AVAILABLE DATA below:
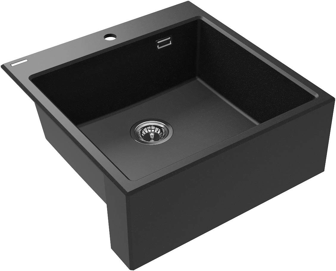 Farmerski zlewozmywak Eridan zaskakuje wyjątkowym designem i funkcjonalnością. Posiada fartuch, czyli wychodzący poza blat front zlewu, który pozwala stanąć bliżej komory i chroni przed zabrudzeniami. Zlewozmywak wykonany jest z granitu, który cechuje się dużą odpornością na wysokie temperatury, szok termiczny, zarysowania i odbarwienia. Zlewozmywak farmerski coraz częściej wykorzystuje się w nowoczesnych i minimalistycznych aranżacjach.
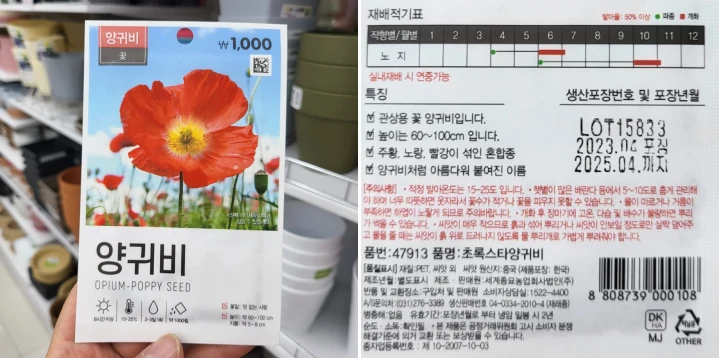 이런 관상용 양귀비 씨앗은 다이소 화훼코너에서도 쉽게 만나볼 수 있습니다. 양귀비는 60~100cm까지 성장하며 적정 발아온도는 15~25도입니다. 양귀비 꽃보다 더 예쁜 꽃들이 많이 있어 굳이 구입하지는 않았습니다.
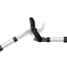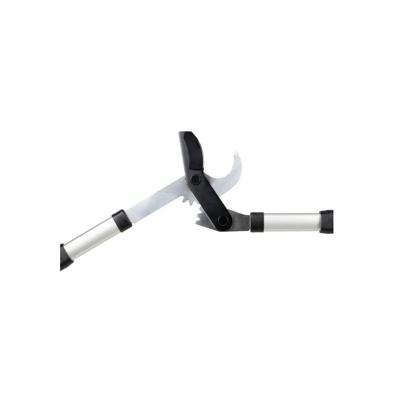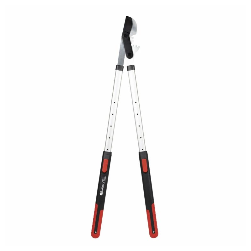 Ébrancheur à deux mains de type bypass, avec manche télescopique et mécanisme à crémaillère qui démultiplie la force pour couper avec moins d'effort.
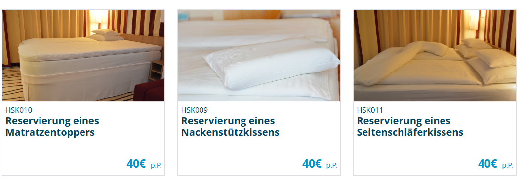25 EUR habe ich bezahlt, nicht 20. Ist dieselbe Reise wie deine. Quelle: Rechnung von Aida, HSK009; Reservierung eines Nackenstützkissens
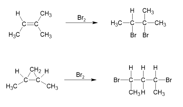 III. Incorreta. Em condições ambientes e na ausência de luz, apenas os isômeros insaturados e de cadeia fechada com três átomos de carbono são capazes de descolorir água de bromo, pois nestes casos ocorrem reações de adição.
End of AVAILABLE DATA.
## WHAT THIS TASK INVOLVES
Everything in the records must be returned exactly, except the pictures.

## ANSWER TO THE PROBLEM
 Farmerski zlewozmywak Eridan zaskakuje wyjątkowym designem i funkcjonalnością. Posiada fartuch, czyli wychodzący poza blat front zlewu, który pozwala stanąć bliżej komory i chroni przed zabrudzeniami. Zlewozmywak wykonany jest z granitu, który cechuje się dużą odpornością na wysokie temperatury, szok termiczny, zarysowania i odbarwienia. Zlewozmywak farmerski coraz częściej wykorzystuje się w nowoczesnych i minimalistycznych aranżacjach.
 이런 관상용 양귀비 씨앗은 다이소 화훼코너에서도 쉽게 만나볼 수 있습니다. 양귀비는 60~100cm까지 성장하며 적정 발아온도는 15~25도입니다. 양귀비 꽃보다 더 예쁜 꽃들이 많이 있어 굳이 구입하지는 않았습니다.
 Ébrancheur à deux mains de type bypass, avec manche télescopique et mécanisme à crémaillère qui démultiplie la force pour couper avec moins d'effort.
25 EUR habe ich bezahlt, nicht 20. Ist dieselbe Reise wie deine. Quelle: Rechnung von Aida, HSK009; Reservierung eines Nackenstützkissens
 III. Incorreta. Em condições ambientes e na ausência de luz, apenas os isômeros insaturados e de cadeia fechada com três átomos de carbono são capazes de descolorir água de bromo, pois nestes casos ocorrem reações de adição.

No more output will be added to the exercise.